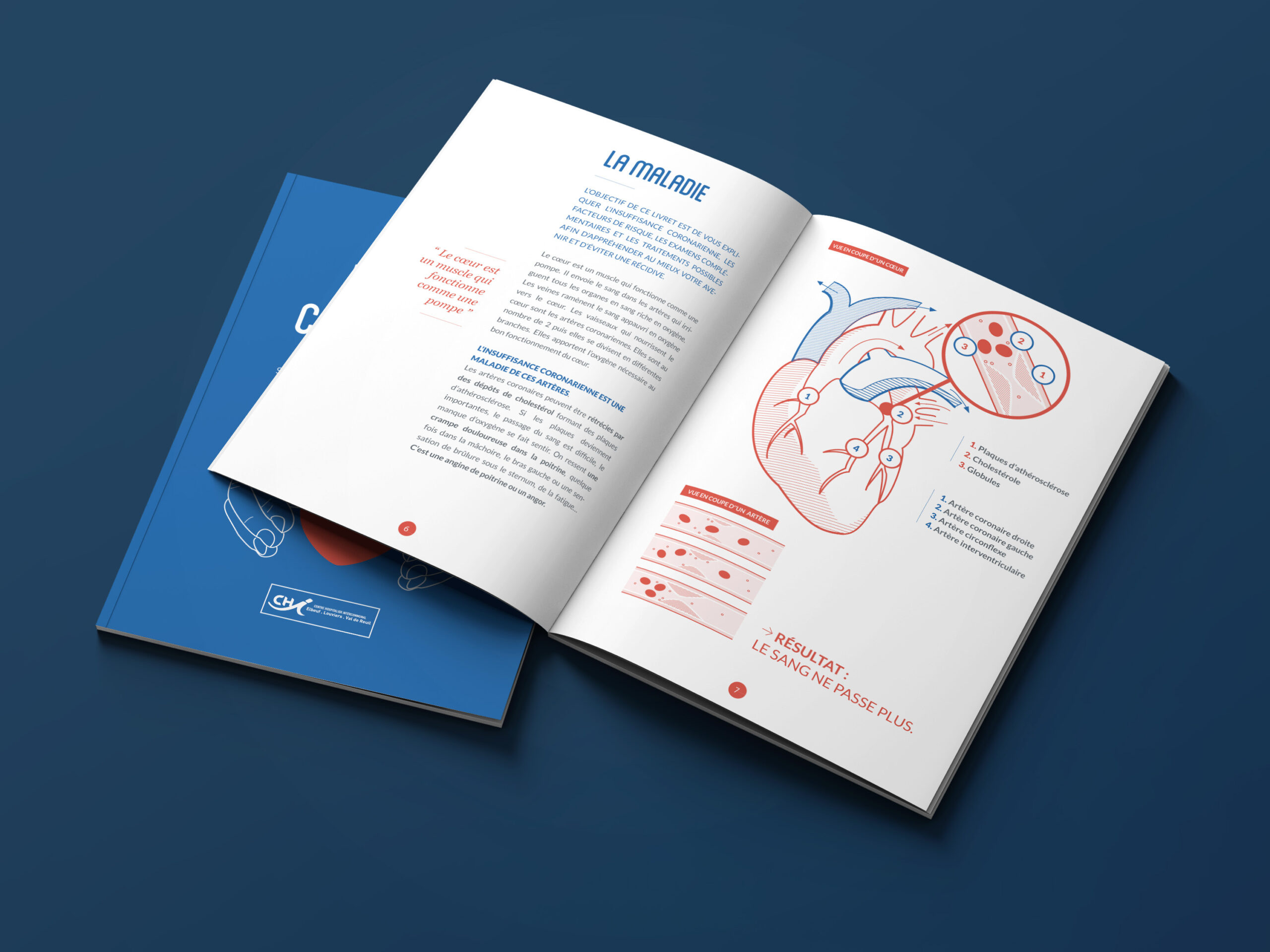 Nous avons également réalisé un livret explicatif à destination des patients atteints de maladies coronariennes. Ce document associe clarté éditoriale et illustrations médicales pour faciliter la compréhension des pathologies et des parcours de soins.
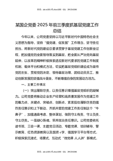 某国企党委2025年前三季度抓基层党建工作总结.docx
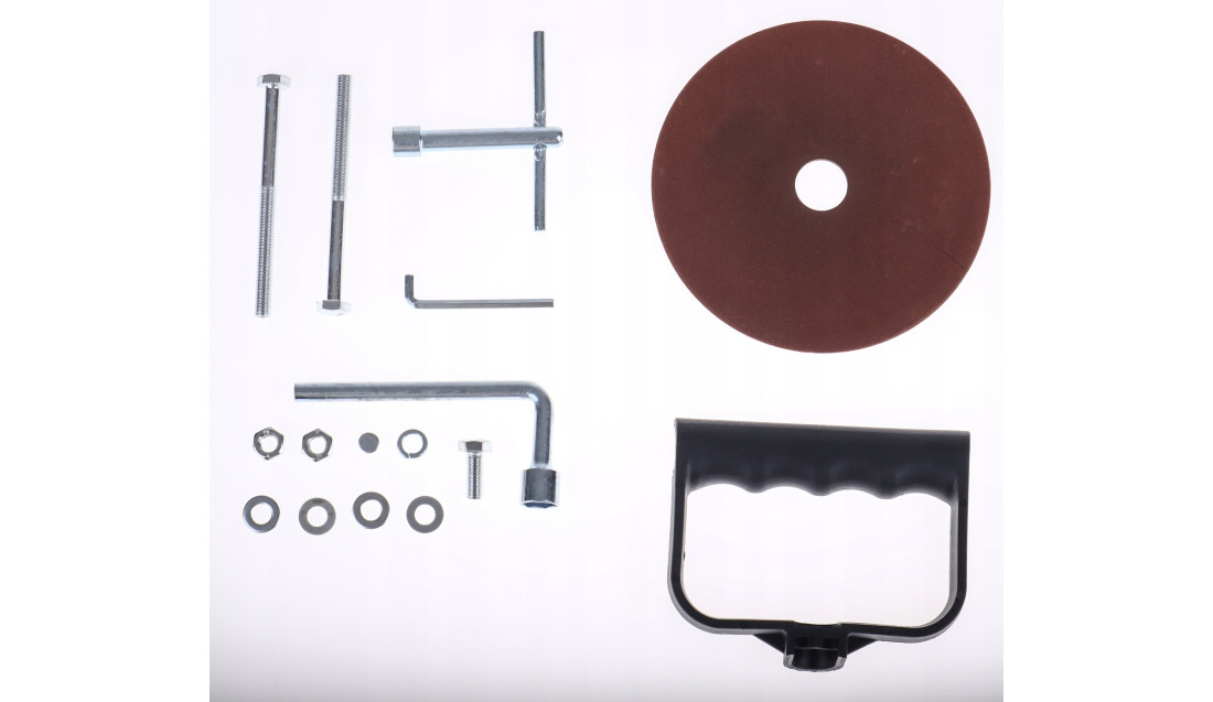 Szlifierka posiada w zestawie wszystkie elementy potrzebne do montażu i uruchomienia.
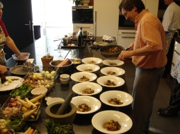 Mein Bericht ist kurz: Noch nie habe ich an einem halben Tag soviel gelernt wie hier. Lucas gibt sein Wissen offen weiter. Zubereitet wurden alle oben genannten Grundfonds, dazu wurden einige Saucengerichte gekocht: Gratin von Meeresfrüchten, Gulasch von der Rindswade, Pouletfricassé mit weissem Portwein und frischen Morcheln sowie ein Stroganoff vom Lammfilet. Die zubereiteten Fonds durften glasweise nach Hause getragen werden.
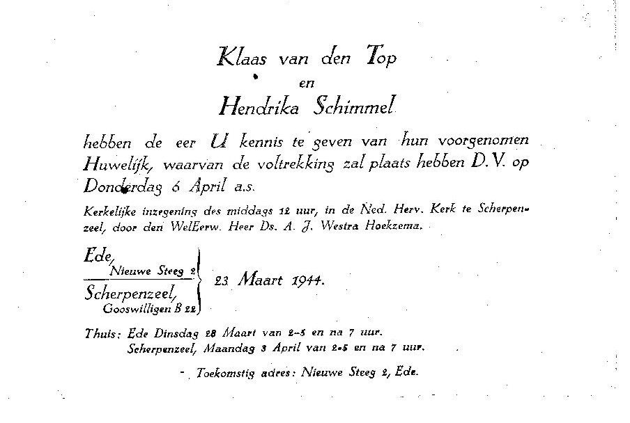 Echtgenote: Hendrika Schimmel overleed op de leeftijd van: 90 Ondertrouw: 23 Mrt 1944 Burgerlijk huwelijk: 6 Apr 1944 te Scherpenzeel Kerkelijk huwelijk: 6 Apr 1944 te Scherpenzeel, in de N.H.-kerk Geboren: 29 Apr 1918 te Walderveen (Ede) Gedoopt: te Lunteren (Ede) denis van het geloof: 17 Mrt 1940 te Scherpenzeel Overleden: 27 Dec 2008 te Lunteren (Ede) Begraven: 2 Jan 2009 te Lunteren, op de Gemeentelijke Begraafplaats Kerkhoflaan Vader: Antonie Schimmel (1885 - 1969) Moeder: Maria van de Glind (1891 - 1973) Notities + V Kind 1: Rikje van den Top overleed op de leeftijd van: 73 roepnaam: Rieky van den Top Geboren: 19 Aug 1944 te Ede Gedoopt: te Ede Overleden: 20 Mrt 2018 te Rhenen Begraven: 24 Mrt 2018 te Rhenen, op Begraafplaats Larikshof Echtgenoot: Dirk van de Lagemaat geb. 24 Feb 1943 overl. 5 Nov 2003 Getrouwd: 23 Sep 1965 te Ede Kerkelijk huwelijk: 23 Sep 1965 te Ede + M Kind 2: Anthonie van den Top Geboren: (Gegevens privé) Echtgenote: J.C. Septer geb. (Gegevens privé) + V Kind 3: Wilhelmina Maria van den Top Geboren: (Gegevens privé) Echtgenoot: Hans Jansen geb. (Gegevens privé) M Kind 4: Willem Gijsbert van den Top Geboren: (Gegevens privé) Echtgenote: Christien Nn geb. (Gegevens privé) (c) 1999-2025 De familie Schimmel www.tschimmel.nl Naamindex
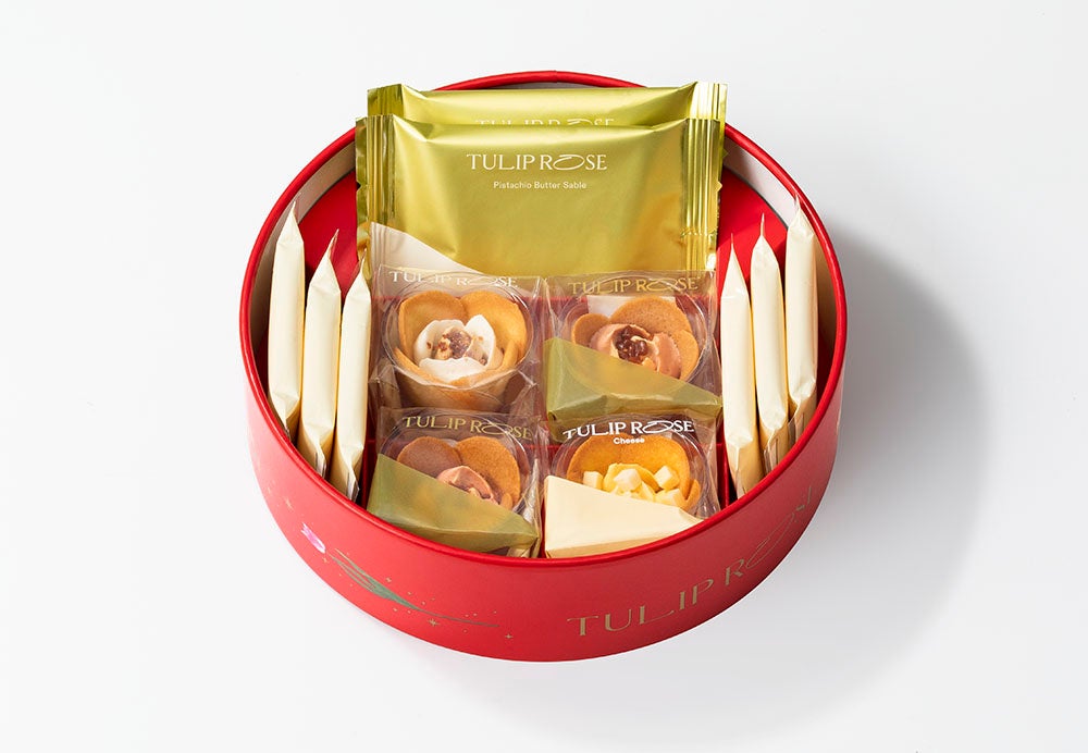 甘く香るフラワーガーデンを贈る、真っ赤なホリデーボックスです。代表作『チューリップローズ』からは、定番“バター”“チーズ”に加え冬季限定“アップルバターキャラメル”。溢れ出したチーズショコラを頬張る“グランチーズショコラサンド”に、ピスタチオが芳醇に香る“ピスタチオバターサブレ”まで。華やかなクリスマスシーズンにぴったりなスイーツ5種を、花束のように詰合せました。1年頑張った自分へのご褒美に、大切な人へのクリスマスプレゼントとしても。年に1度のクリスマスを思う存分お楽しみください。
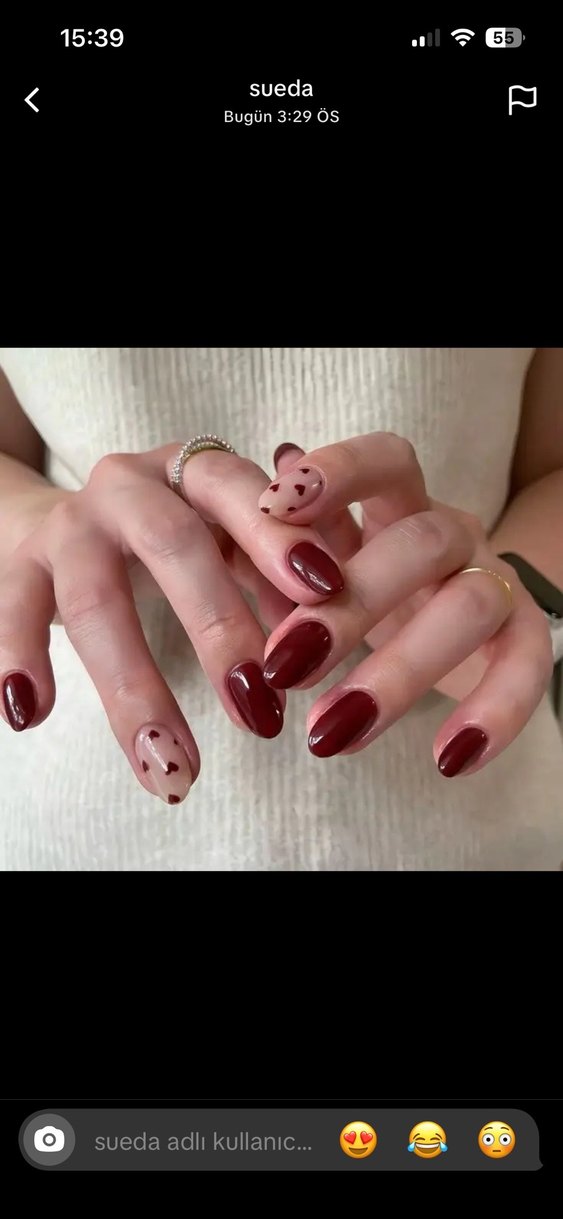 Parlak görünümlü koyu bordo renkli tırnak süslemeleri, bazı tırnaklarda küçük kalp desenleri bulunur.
- - -
■ **Your objective**:
Extract only the lines from the line containing "Echtgenote: Hendrika Schimmel" through the final line of the listing above, unchanged; pictures stay out of the copy.

■ **Your response**:
 Echtgenote: Hendrika Schimmel overleed op de leeftijd van: 90 Ondertrouw: 23 Mrt 1944 Burgerlijk huwelijk: 6 Apr 1944 te Scherpenzeel Kerkelijk huwelijk: 6 Apr 1944 te Scherpenzeel, in de N.H.-kerk Geboren: 29 Apr 1918 te Walderveen (Ede) Gedoopt: te Lunteren (Ede) denis van het geloof: 17 Mrt 1940 te Scherpenzeel Overleden: 27 Dec 2008 te Lunteren (Ede) Begraven: 2 Jan 2009 te Lunteren, op de Gemeentelijke Begraafplaats Kerkhoflaan Vader: Antonie Schimmel (1885 - 1969) Moeder: Maria van de Glind (1891 - 1973) Notities + V Kind 1: Rikje van den Top overleed op de leeftijd van: 73 roepnaam: Rieky van den Top Geboren: 19 Aug 1944 te Ede Gedoopt: te Ede Overleden: 20 Mrt 2018 te Rhenen Begraven: 24 Mrt 2018 te Rhenen, op Begraafplaats Larikshof Echtgenoot: Dirk van de Lagemaat geb. 24 Feb 1943 overl. 5 Nov 2003 Getrouwd: 23 Sep 1965 te Ede Kerkelijk huwelijk: 23 Sep 1965 te Ede + M Kind 2: Anthonie van den Top Geboren: (Gegevens privé) Echtgenote: J.C. Septer geb. (Gegevens privé) + V Kind 3: Wilhelmina Maria van den Top Geboren: (Gegevens privé) Echtgenoot: Hans Jansen geb. (Gegevens privé) M Kind 4: Willem Gijsbert van den Top Geboren: (Gegevens privé) Echtgenote: Christien Nn geb. (Gegevens privé) (c) 1999-2025 De familie Schimmel www.tschimmel.nl Naamindex
 甘く香るフラワーガーデンを贈る、真っ赤なホリデーボックスです。代表作『チューリップローズ』からは、定番“バター”“チーズ”に加え冬季限定“アップルバターキャラメル”。溢れ出したチーズショコラを頬張る“グランチーズショコラサンド”に、ピスタチオが芳醇に香る“ピスタチオバターサブレ”まで。華やかなクリスマスシーズンにぴったりなスイーツ5種を、花束のように詰合せました。1年頑張った自分へのご褒美に、大切な人へのクリスマスプレゼントとしても。年に1度のクリスマスを思う存分お楽しみください。
 Parlak görünümlü koyu bordo renkli tırnak süslemeleri, bazı tırnaklarda küçük kalp desenleri bulunur.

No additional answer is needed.